- **Work instructions**: The records that follow must be repeated exactly, minus the images.
Record set Start Marker
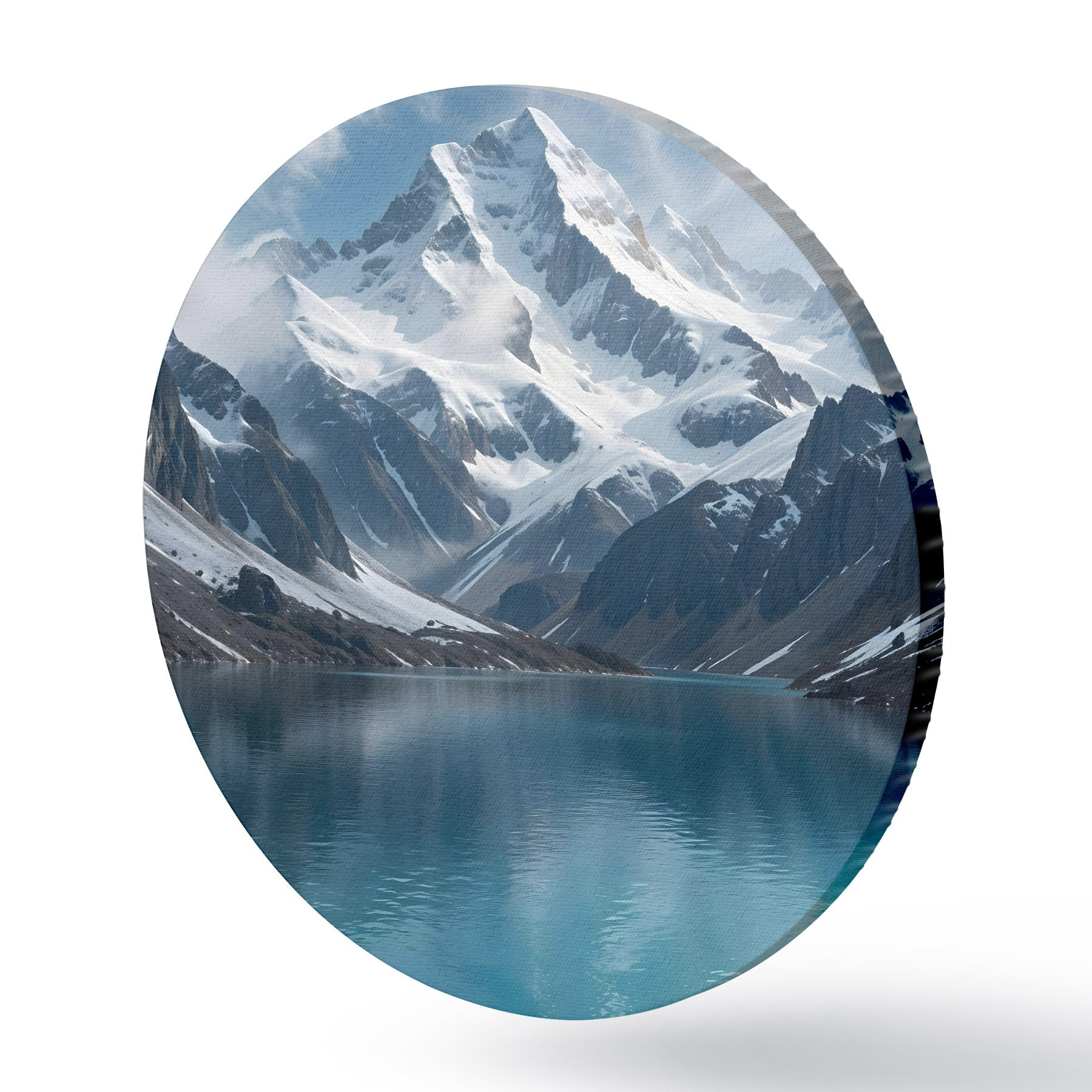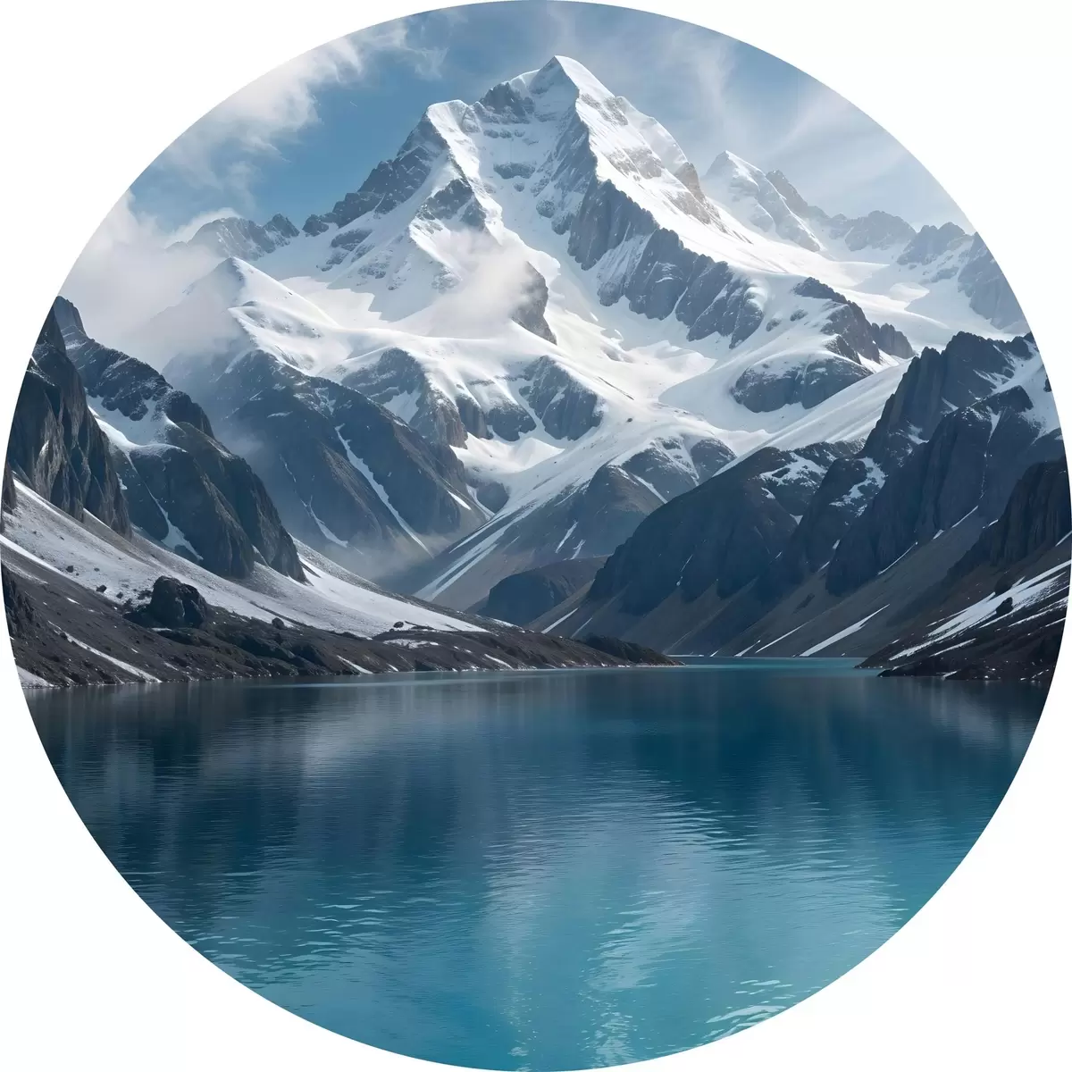 Apaļas gleznas Sniegota kalna virsotne, kas atspoguļojas mierīgā tirkīza ezerā, ko ieskauj klinšains apvidus un dramatiski mākoņi r42232
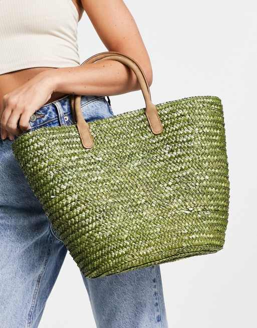 Woven Paper Straw Tote Bag with Lime Green Faux Leather Trim Very well made.
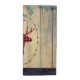 Cloth napkins with a rustic style. Designed with a deer head with antlers, made of red plaid. A fancy oval frame surrounds the image. An image of wood planks for the background image give it an outdoorsy country feel. The bottom border has a dark blue pattern with sprigs and leaves.
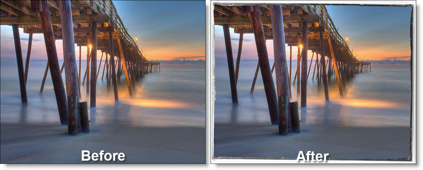 Choose from 11 different borders or Custom to create variable colored, softened borders.
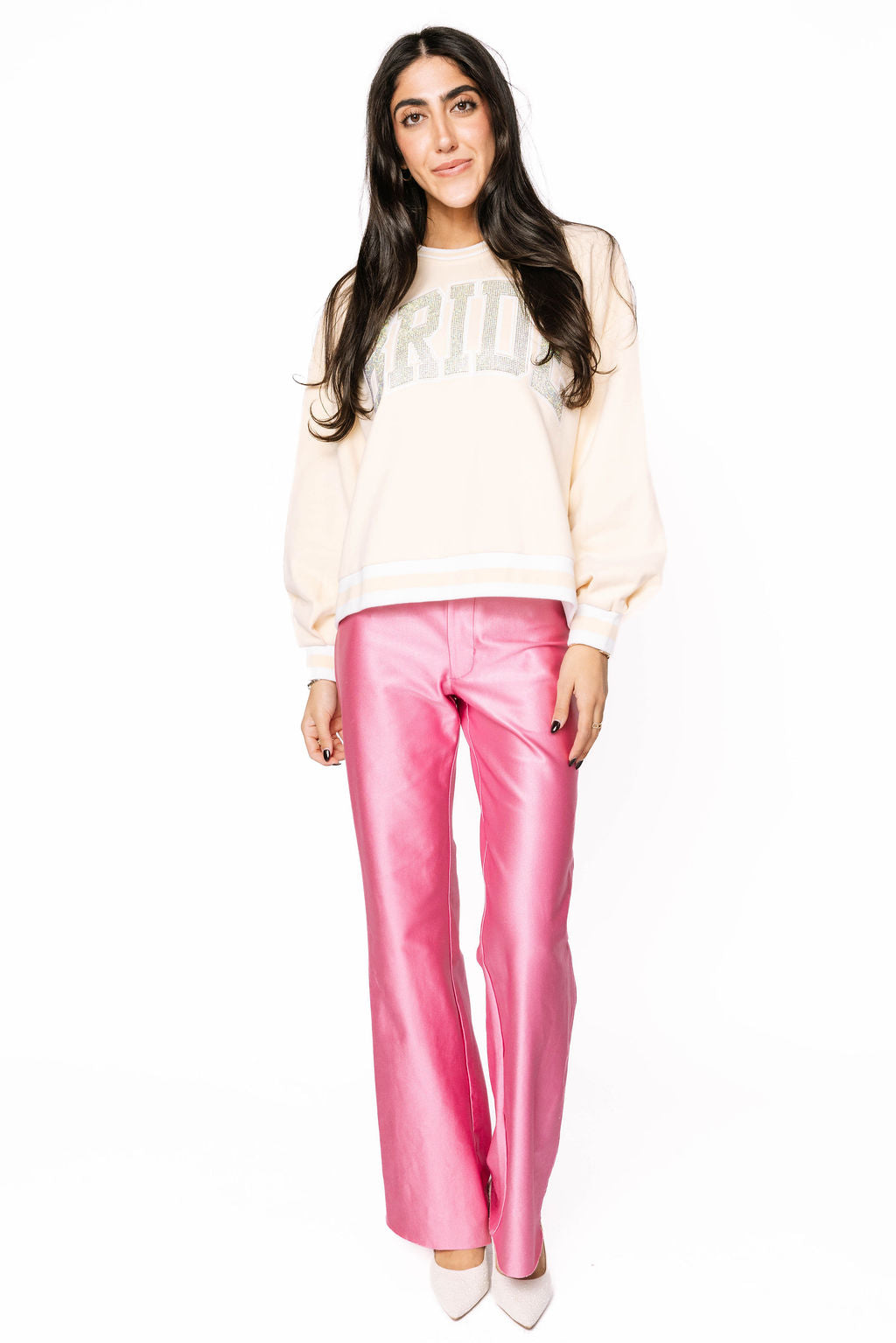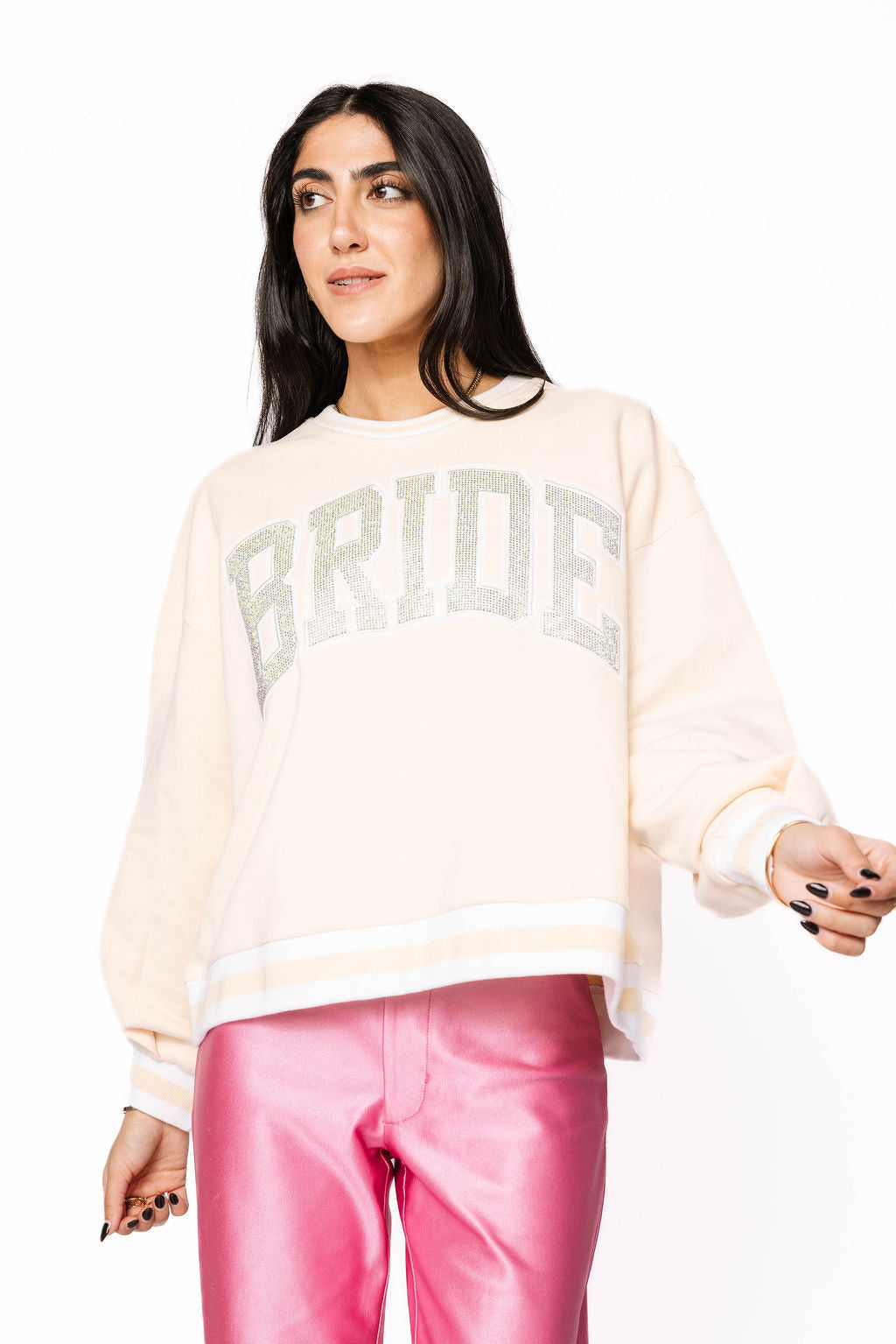 Sparkle into your big day with this cozy beige sweatshirt featuring crisp white trim and a dazzling rhinestone "bride" statement across the chest. Perfect for bachelorette parties, engagement celebrations, or just feeling like royalty before the walk down the aisle. Comfortable enough for all-day wear, glamorous enough to steal the spotlight. Get ready to shine!
Record set End Marker
- **Answer for the task**:
 Apaļas gleznas Sniegota kalna virsotne, kas atspoguļojas mierīgā tirkīza ezerā, ko ieskauj klinšains apvidus un dramatiski mākoņi r42232
 Woven Paper Straw Tote Bag with Lime Green Faux Leather Trim Very well made.
 Cloth napkins with a rustic style. Designed with a deer head with antlers, made of red plaid. A fancy oval frame surrounds the image. An image of wood planks for the background image give it an outdoorsy country feel. The bottom border has a dark blue pattern with sprigs and leaves.
 Choose from 11 different borders or Custom to create variable colored, softened borders.
 Sparkle into your big day with this cozy beige sweatshirt featuring crisp white trim and a dazzling rhinestone "bride" statement across the chest. Perfect for bachelorette parties, engagement celebrations, or just feeling like royalty before the walk down the aisle. Comfortable enough for all-day wear, glamorous enough to steal the spotlight. Get ready to shine!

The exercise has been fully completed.